Chris Busch
Director of Research

Chris Busch is Energy Innovation’s Research Director. He leads the firm’s California climate policy and is an expert in energy modeling and carbon pricing policy.
Chris works to spread awareness of California’s climate accomplishments and policy innovations. In 2016, the state reached its 2020 economy-wide target of cutting greenhouse gas emissions to 1990 levels four years early without economic sacrifice, growing income two times faster and jobs 50 percent faster than national averages. His recent work has focused on developing a California version of EI’s Energy Policy Simulator to support achievement of the state’s 2030 goal, aiming for a 40 percent reduction below 1990 emissions.
His prior research shed light on the oversupply of carbon allowances in the Western Climate Initiative carbon market linking California and Quebec. The cap-and-trade program underpinning this market is the best designed in the world, but emission reduction success, principally due to factors other than carbon pricing, has created a surplus of permits. Cap recalibrations as other emissions reduction programs are carried out will increase the likelihood the program delivers reductions California’s Air Resources Board is counting on to achieve the 2030 target.

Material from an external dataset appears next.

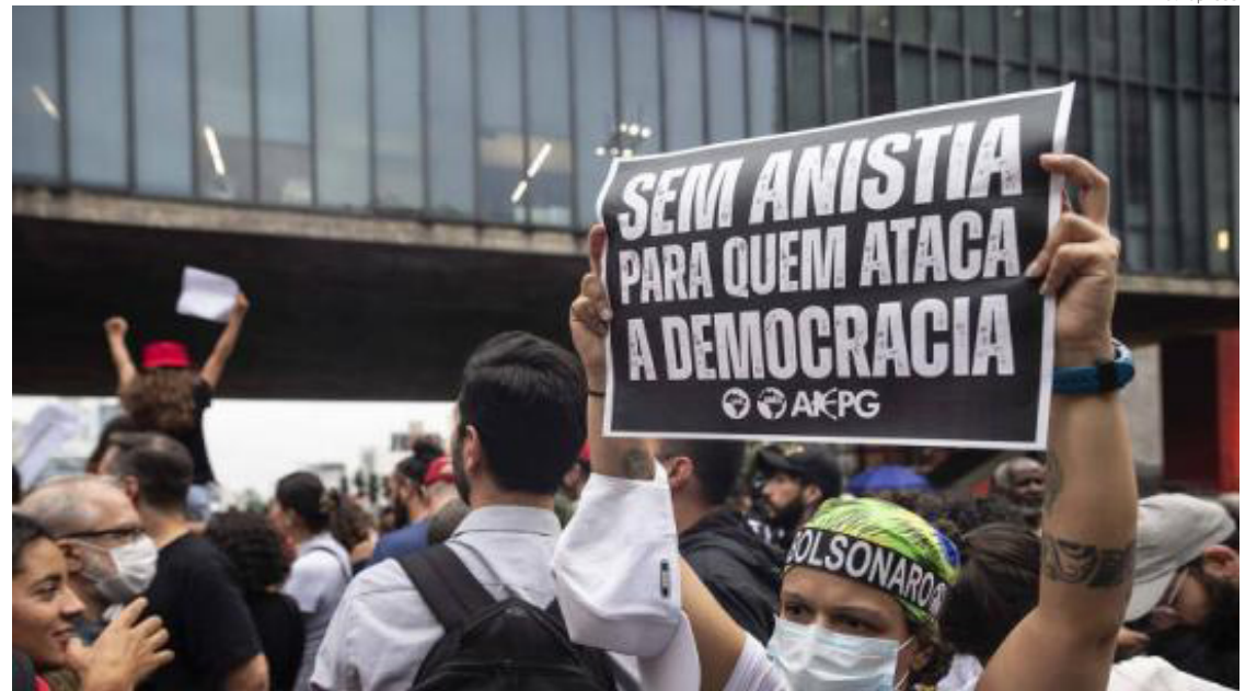
Manifestante en Sao Paulo pide cárcel sin amnistía para Bolsonaro.

Pero, como explicó en su edición online de este martes el diario “Folha de São Paulo”, la estrategia de Bolsonaro para salir indemne del peor ataque a la democracia en Brasil pasa

Prior to Energy Innovation, Chris was Policy Director for the BlueGreen Alliance, where he testified before the U.S. House Energy and Commerce Committee’s Power and Energy Subcommittee. As Climate Economist for the Union of Concerned Scientists he was appointed to California’s Economic and Technology Advancement Advisory Committee. He also worked as a Senior Research Associate at Lawrence Berkeley National Laboratory.
Chris holds a PhD in environmental economics from the University of California, Berkeley; he has been quoted major publications such as the New York Times, the Los Angeles Times, and the Wall Street Journal; and he has been published in peer-reviewed journals such as Energy Policy, Land Economics, and the Electricity Journal.